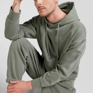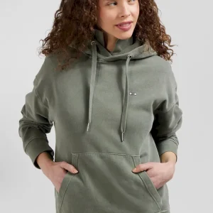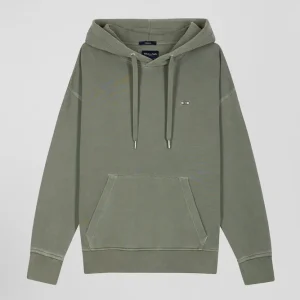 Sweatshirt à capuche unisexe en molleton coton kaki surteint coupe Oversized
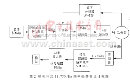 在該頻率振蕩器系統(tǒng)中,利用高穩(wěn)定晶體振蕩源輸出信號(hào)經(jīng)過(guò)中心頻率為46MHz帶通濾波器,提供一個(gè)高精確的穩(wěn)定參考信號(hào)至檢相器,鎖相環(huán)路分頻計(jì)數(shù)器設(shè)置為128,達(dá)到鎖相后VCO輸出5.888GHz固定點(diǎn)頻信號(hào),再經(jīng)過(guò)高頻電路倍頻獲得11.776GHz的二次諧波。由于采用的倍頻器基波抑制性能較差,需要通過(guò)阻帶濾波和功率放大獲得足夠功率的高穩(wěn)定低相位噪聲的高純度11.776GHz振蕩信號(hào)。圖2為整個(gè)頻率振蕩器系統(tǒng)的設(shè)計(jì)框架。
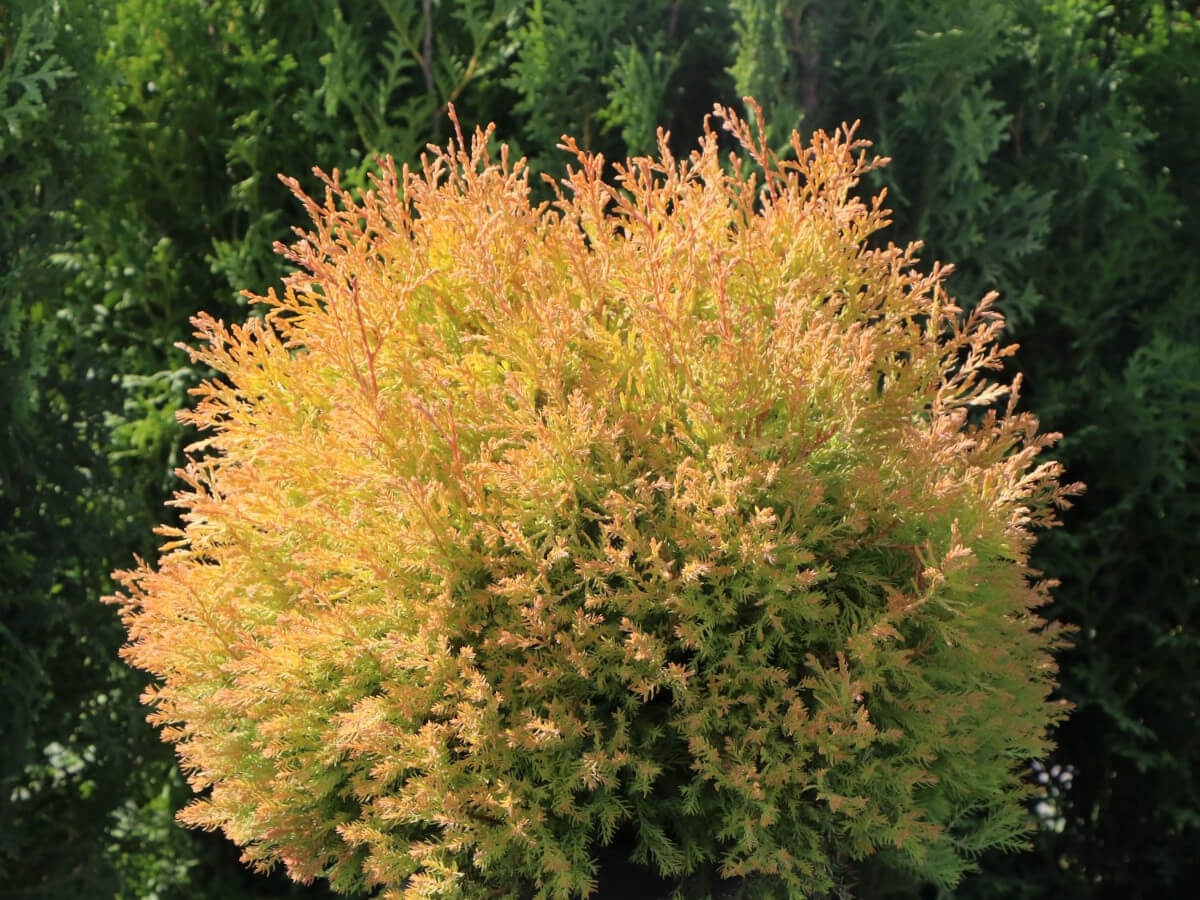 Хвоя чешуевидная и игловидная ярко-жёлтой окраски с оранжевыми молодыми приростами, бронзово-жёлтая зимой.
* * *
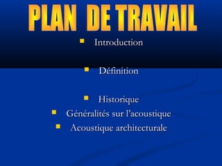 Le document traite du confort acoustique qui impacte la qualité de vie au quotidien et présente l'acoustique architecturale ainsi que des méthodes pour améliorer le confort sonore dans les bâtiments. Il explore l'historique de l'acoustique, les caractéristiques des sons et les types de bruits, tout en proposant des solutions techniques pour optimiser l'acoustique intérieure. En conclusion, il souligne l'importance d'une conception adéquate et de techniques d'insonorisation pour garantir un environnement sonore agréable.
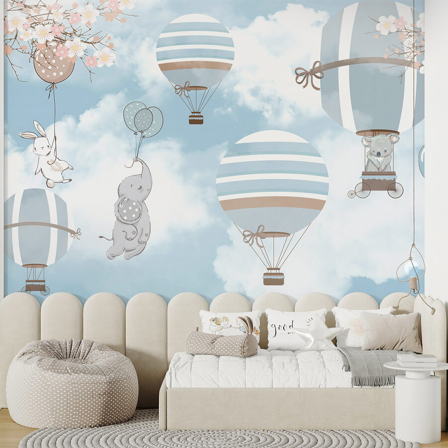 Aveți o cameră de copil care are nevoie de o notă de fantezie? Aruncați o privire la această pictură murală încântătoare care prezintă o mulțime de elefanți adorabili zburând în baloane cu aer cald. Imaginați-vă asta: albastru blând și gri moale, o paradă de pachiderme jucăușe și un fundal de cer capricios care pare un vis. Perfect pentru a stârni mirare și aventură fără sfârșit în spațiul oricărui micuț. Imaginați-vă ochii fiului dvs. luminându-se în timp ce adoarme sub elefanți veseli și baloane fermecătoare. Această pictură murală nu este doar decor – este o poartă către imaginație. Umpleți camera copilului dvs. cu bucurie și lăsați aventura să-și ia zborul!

_Work instruction_:
Your answer is the exact run of lines above from the one with "Sweatshirt à capuche" through the one with "Хвоя чешуевидная и", both ends included, minus any picture.

_Task output_:
 Sweatshirt à capuche unisexe en molleton coton kaki surteint coupe Oversized
 在該頻率振蕩器系統(tǒng)中,利用高穩(wěn)定晶體振蕩源輸出信號(hào)經(jīng)過(guò)中心頻率為46MHz帶通濾波器,提供一個(gè)高精確的穩(wěn)定參考信號(hào)至檢相器,鎖相環(huán)路分頻計(jì)數(shù)器設(shè)置為128,達(dá)到鎖相后VCO輸出5.888GHz固定點(diǎn)頻信號(hào),再經(jīng)過(guò)高頻電路倍頻獲得11.776GHz的二次諧波。由于采用的倍頻器基波抑制性能較差,需要通過(guò)阻帶濾波和功率放大獲得足夠功率的高穩(wěn)定低相位噪聲的高純度11.776GHz振蕩信號(hào)。圖2為整個(gè)頻率振蕩器系統(tǒng)的設(shè)計(jì)框架。
 Хвоя чешуевидная и игловидная ярко-жёлтой окраски с оранжевыми молодыми приростами, бронзово-жёлтая зимой.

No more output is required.